**** Data

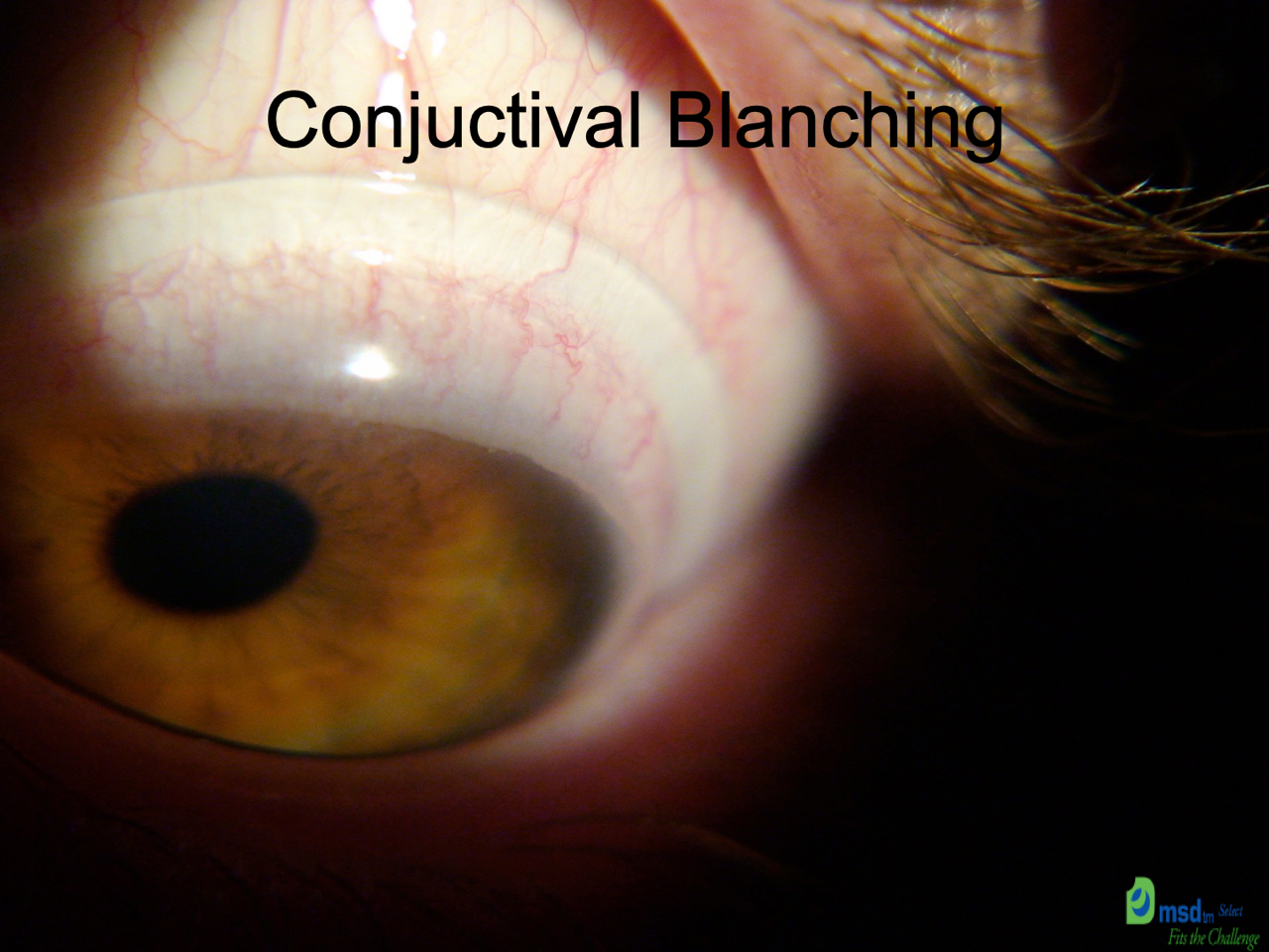 When conjunctival impingement occurs showing excessive blanching; order a lens with a flatter edge, either 1-Flat or 2-Flat. Depending on the lens diameter, increase the profile, increase the sag, or depending on the severity, consider all three options simultaneously.
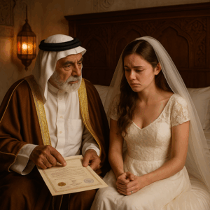 Pero entonces ocurrió algo que nadie pudo prever. Cuando el notario salió de la habitación, el jeque guardó silencio. La miró fijamente y dijo:
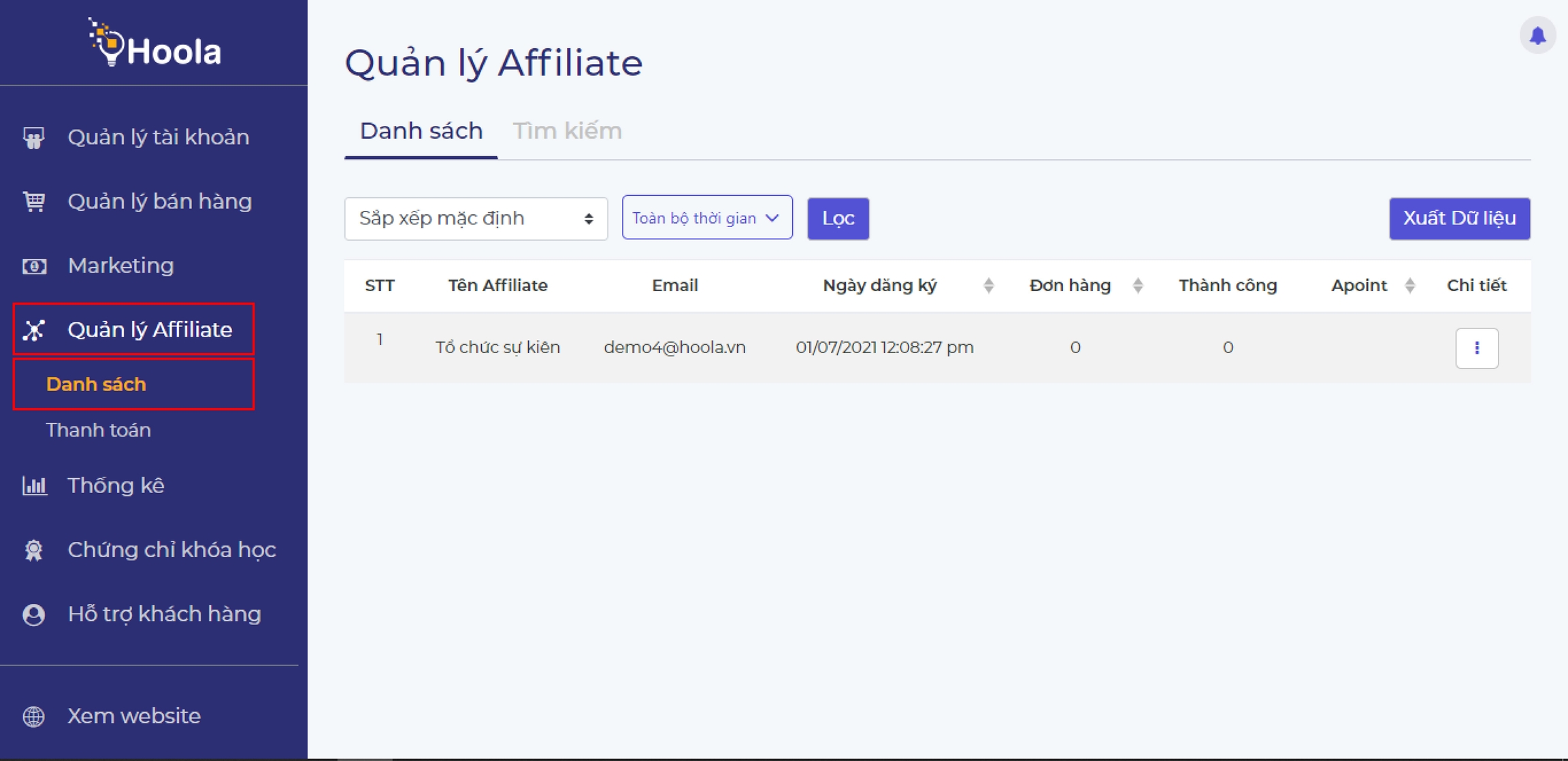 Quản trị viên vào mục Quản lý AffiliateDanh sách để quan sát những học viên đã tham gia mạng lưới công tác viên của web
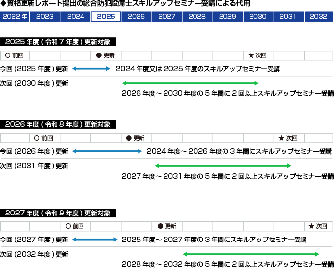 - ・「資格更新用レポートの提出」は「5 年以内にスキルアップセミナーを2回以上受講」に代用可
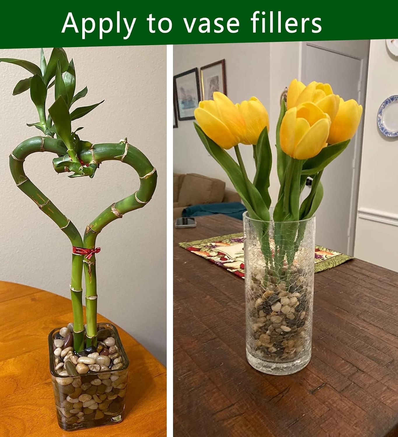 - Use for flower arrangements, vase fillers, walkways, water features, ponds,exposed aggregate flooring or walls, swimming pool areas and many other areas.
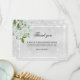 En enkel sympati och elegant tack för att du fick ett kort med foto. En faux silver-tittar bakgrund, en vit ram, faux glitter-damm, vita blommigtar och grön. Anpassa och lägg till tackkortet. Svart text.
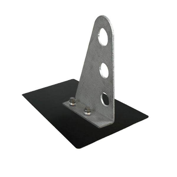 The SSG-313H3AL-812BLK Pipe-Style Snow Guard is a direct-to-deck system designed to provide solar snow management on new or existing Composition (Asphalt) Shingle roofs, particularly when used in conjunction with solar panels. This specific model utilizes a matte black 8” x 12” aluminum flashing with an integrated EPDM bushing to create a watertight compression seal when installed into roof rafters. The aluminum bracket comes in a three-pipe configuration, accepts 1” OD pipe (tubing), and is compatible with optional Ice Flags and Ice Screens.
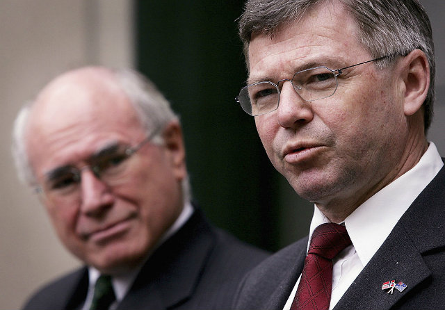 Former Norwegian Prime Minsiter Kjell Magne Bondevik (R) was held for an hour at Dulles, evidently because he has visited Iran in 2014. (Photo by Ian Waldie/Getty Images)
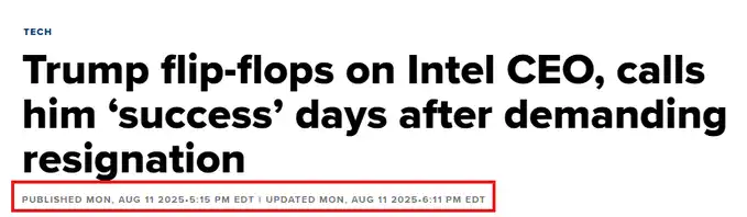 例如,看看 2025 年 8 月 11 日的一条新闻。当时特朗普总统与英特尔 CEO 陈立武(Lip-Bu Tan)会面。就在几天之前,特朗普在 Truth Social 上发文称,陈立武「存在严重利益冲突,必须立即辞职,没有其他解决办法」。

********

#### What the exercise asks:
Copy only what lies between the start of the listing above and the line containing "Pero entonces ocurrió", inclusive of both ends, exactly as written, and drop the pictures.

#### Response to the exercise:
 When conjunctival impingement occurs showing excessive blanching; order a lens with a flatter edge, either 1-Flat or 2-Flat. Depending on the lens diameter, increase the profile, increase the sag, or depending on the severity, consider all three options simultaneously.
 Pero entonces ocurrió algo que nadie pudo prever. Cuando el notario salió de la habitación, el jeque guardó silencio. La miró fijamente y dijo:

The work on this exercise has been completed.